This can be false when $k$ has characteristic $p$. For example, ${\mathbb{F}}_{4}\times {\mathbb{F}}_{4}$ cannot be generated by a single element over ${\mathbb{F}}_{2}$, because we would have ${\mathbb{F}}_{4}\times {\mathbb{F}}_{4}\cong {\mathbb{F}}_{2}[X]/p$ for some polynomial $p$. This can only happen if $p$ is the product of two distinct degree $2$ irreducibles, but there is only one degree $2$ irreducible over ${\mathbb{F}}_{2}$.

On the other hand, if $k$ has characteristic $0$, we can get around this problem. If $A$ is a finite product $\prod _{i}{K}_{i}$, we can write ${K}_{i}\cong k[X]/{p}_{i}$ for irreducible polynomials ${p}_{i}$. If the ${p}_{i}$ are distinct, then $A\cong k[X]/\prod _{i}{p}_{i}$, by the Chinese Remainder Theorem. If not, we can replace ${p}_{i}(X)$ by ${p}_{i}(X+n)$ for some $n\in \mathbb{Z}$. In characteristic $0$, these are all distinct polynomials, so we can ensure that $\prod _{i}{p}_{i}$ has no repeated factors.

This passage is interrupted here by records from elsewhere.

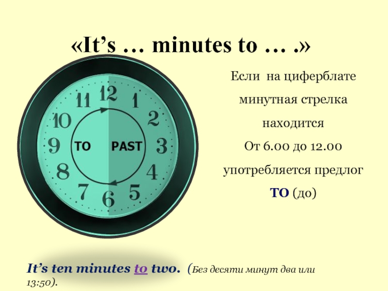 It’s ten minutes to two. (Без десяти минут два или 13:50).
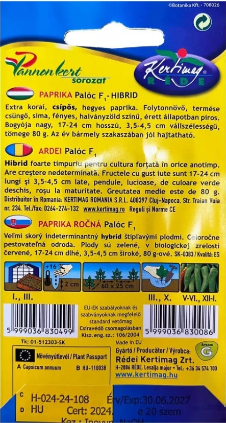 A Palóc F1 egy extra korai, folytonnövő, hegyes, csípős hibrid paprika, amely kiválóan alkalmas h...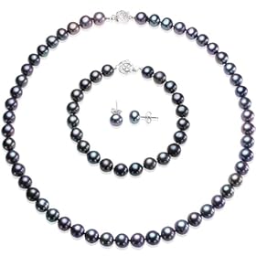 Enhanced Black 9-10mm AA Cultured Pearl Princess Necklace Strand 18", Bracelet & Earrings Platinum Overlay Sterling Silver Set: Dahlia: Jewelry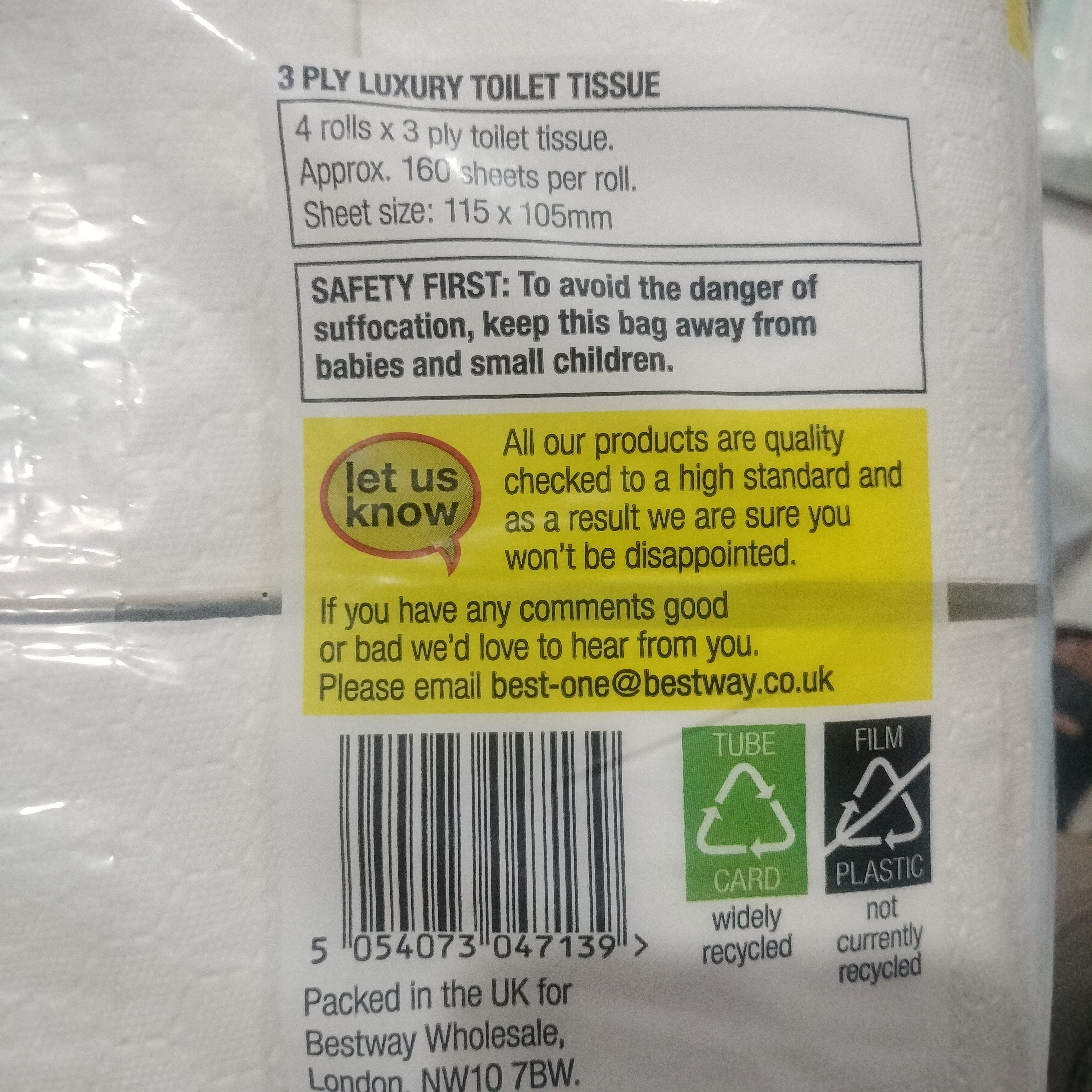 Upgrade your bathroom experience with Best One luxury toilet roll. Each pack contains 4 rolls of 3-ply...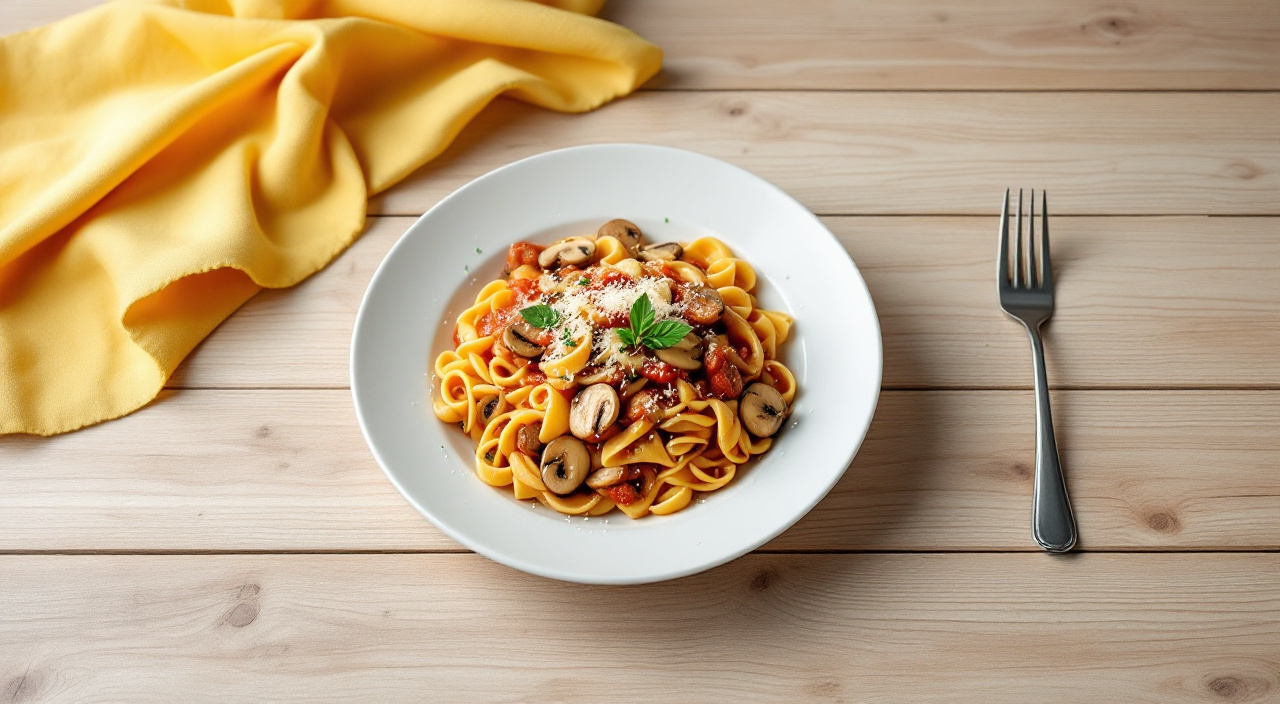 Pasta con salsa napolitana y setas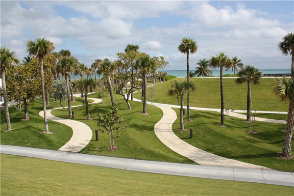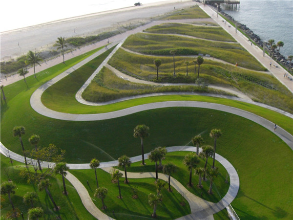 與穿越道直來直往的走勢不同,蛇形道從大西洋海灘道開始隨意地迂回蜿蜒,上行處可見大西洋的海闊天空,可至園中涼亭的高處觀景,一直西行則可拐入海灘道。這種地形讓人們在行進過程中移步換景,令人心曠神怡。這中多變的地形在公園中很多小角落均有體現。海岸邊蜿蜒地形上的原生植被與抽象的沙丘地貌以及蜿蜒道內坡的棕櫚樹形成鮮明對比。一小片公園區域的原生植被、棕櫚及落葉喬木組成的海邊植物帶與蜿蜒的小道形成呼應。附帶有下層植被如青草及蕨類的棕櫚科灌木叢為公園北緣的城市環境創造了一個緩沖帶。設計意圖通過將華盛頓大道和濱海大道延伸至公園——在連接處設計硬質鋪地入口廣場,以達到將公園融入城市肌理的目的。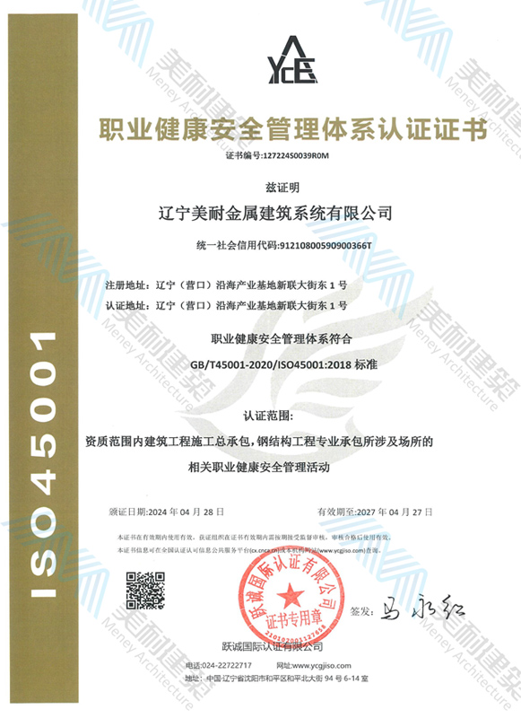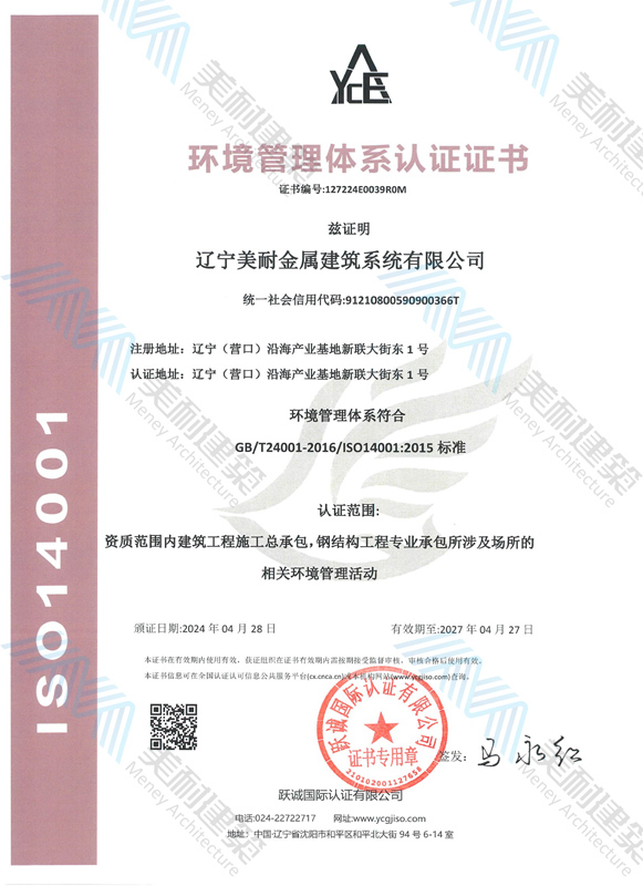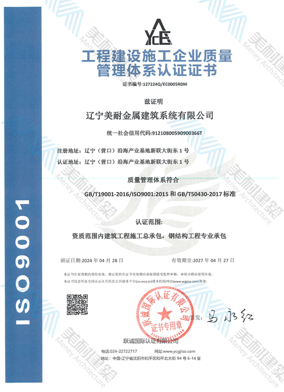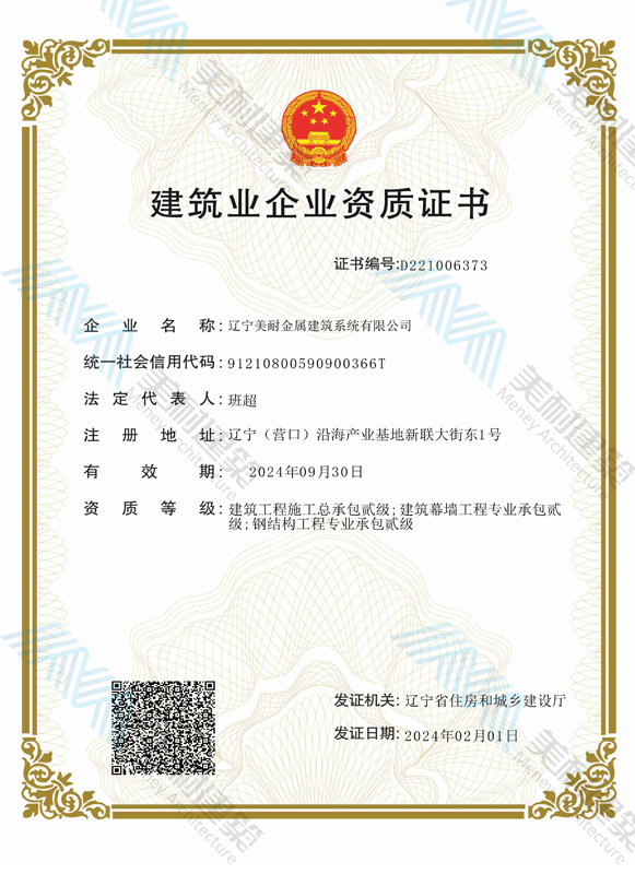 遼寧美耐金屬建筑系統(tǒng)有限公司位于遼寧(營口)沿海產(chǎn)業(yè)基地,專注于預制金屬建筑系統(tǒng)領(lǐng)域,是一家集工業(yè)建筑設(shè)計、制作、施工及相關(guān)的技術(shù)咨詢與服務(wù)為一體的綜合性服務(wù)企業(yè)。作為國家鋼結(jié)構(gòu)協(xié)會會員、中國建筑金屬結(jié)構(gòu)協(xié)會會員單位與國家高新技術(shù)企業(yè),美耐建筑集建筑工程施工總承包、鋼結(jié)構(gòu)工程專業(yè)承包等多種資質(zhì)于一身,并擁有22項鋼結(jié)構(gòu)建筑領(lǐng)域?qū)@?項軟件著作權(quán)。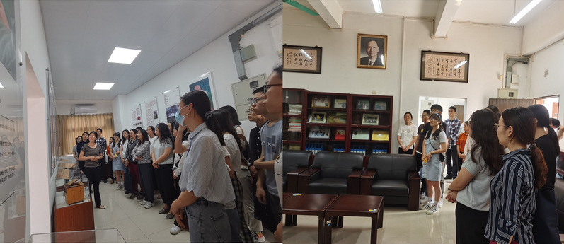 随后,党员同志们步行到农学院的卢永根同志办公旧址进行参观,进一步深入了解卢永根同志的生平事迹。作为华南农业大学的老校长,他这样定位自己:先党员,再校长,后教授。看着他日常使用的老旧的实验设备和朴素的办公环境,每一位党员都感受到他作为共产党员的纯粹和作为科学家的奉献精神。倾听着卢永根同志的生平事迹及入党初心故事,师生党员深刻感受到了卢永根同志作为共产党员的坚定信仰,铭记他的伟大事迹。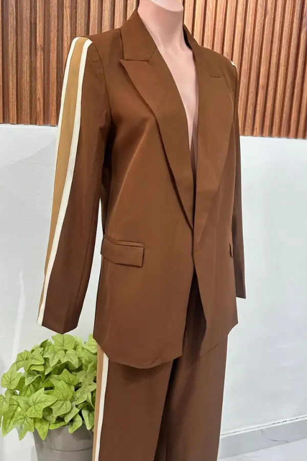 CONJUNTO BLAZER CAFE CON RAYA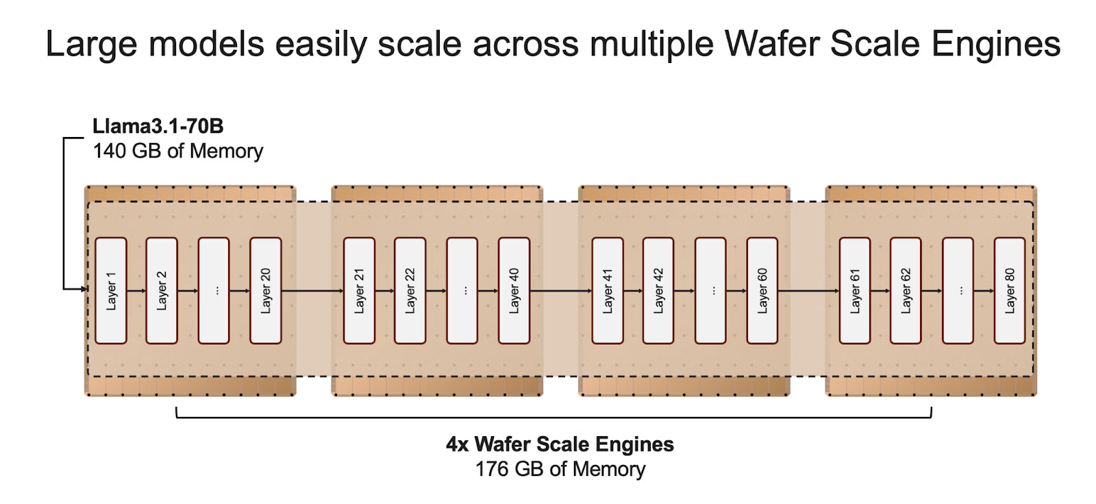 Because Cerebras has 44GB of SRAM per WSE, it only takes 4 wafers to store Llama 70B weights:

Here is a proof in the more general case when $k$ is infinite: as above, we are done if we can show that there are infinitely many distinct polynomials among $\{{p}_{i}(X+a)\mid a\in k\}$. Suppose that there are only finitely many. By the pigeonhole principle, there must be an infinite set $S\subset k$ such that ${p}_{i}(X+a)={p}_{i}(X+b)$ for all $a,b\in S$.

But then ${p}_{i}(a)={p}_{i}(b)$ for all $a,b\in S$, so ${p}_{i}$ is constant, as a function, on an infinite subset of $k$, which can only happen if ${p}_{i}$ itself is constant.